What do climate change, the COVID-19 pandemic, Brexit, the fall of the Soviet Union and technologies like Bitcoin and the World Wide Web all have in common? They’re all manifestations of the “Age of Air”, a historical epoch likely to be characterised by stunning intellectual advances, mass migration, pandemics, decentralisation and the dissolution of old structures. In this article, I’m going to explain what the “Age of Air” is and why it matters.
For the past six months I’ve been researching an old astrological theory of history based on the conjunctions of Jupiter and Saturn, which happen every 20 years. Because of the geometry of the zodiac and the solar system, these “Great Conjunctions” take place in signs of the same element for stretches of roughly 200 years. So, we experience 200 years of Fire conjunctions, then 200 years of Earth, then 200 years of Air and finally 200 years of Water. The 800-year cycle then begins anew. (The reality is actually a little more complicated than this due to retrograde motion, but this is the basic idea.)
This pattern was first noticed by Persian astrologers of the Islamic Golden Age in 8th and 9th century Baghdad: masters like Abu Ma’shar, Al-Kindi and Masha’allah. I won’t get into the history of all this right now, but astrologer Peter Stockinger has a great explanation of the nuts and bolts of conjunctional theory here.

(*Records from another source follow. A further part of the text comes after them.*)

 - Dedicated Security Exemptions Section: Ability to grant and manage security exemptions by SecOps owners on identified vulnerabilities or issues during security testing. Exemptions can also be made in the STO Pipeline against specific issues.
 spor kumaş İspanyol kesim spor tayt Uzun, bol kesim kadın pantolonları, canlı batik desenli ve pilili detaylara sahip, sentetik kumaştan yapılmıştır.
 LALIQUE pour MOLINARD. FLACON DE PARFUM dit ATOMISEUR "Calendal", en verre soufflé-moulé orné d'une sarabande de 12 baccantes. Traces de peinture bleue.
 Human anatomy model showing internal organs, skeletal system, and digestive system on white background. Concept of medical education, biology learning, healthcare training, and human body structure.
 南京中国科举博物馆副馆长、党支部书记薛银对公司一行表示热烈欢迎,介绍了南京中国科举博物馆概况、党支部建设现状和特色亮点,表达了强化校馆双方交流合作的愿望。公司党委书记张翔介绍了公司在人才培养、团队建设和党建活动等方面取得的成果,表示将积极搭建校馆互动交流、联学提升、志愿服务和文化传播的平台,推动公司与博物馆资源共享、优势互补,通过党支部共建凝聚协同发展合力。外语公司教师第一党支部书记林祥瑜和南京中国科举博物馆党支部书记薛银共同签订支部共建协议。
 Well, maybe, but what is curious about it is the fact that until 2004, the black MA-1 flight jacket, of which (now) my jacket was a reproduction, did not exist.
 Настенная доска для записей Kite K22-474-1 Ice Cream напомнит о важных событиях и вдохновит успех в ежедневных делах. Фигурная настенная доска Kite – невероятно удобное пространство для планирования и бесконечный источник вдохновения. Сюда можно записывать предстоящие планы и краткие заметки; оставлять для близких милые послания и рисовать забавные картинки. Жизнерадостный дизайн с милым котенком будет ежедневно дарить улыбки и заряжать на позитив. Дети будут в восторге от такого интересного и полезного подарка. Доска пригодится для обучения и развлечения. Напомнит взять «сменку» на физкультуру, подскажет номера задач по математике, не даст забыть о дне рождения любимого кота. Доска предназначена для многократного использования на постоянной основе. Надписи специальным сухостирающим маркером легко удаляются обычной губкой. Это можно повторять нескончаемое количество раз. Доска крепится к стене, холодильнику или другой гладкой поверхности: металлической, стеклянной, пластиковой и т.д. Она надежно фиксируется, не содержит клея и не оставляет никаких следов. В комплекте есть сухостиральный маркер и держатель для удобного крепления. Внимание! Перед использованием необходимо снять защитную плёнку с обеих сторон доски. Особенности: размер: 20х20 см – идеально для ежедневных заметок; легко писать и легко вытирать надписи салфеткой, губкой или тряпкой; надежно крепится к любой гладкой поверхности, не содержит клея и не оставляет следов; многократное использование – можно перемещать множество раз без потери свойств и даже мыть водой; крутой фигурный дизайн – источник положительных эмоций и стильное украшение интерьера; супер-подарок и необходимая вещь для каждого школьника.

The astrologers who developed this theory used it to predict the appearance of new leaders, dynasties, prophets and calamities. The most important historical developments were thought to coincide with what are called “triplicity shifts” or “Great Mutations”, when the element in which the Great Conjunctions were taking place changed. For example, the Great Mutation to Water in the year 571CE coincided almost precisely with the birth of the Prophet Mohammad, thought to have happened around 570CE.
Traditionally, astrologers took a rather technical approach to analysing Great Conjunctions and Great Mutations, using Aries ingress charts—charts cast for the moment the Sun reaches 0° Aries—to try to predict what the conjunctions foretold. But we can also take a modern approach to conjunctional theory by considering how our 200-year periods are characterised by the archetypal associations of the four elements. (Credit here goes to Austin Coppock, the first astrologer I heard talking about elemental ages this way, on Chris Brennan’s Astrology Podcast.)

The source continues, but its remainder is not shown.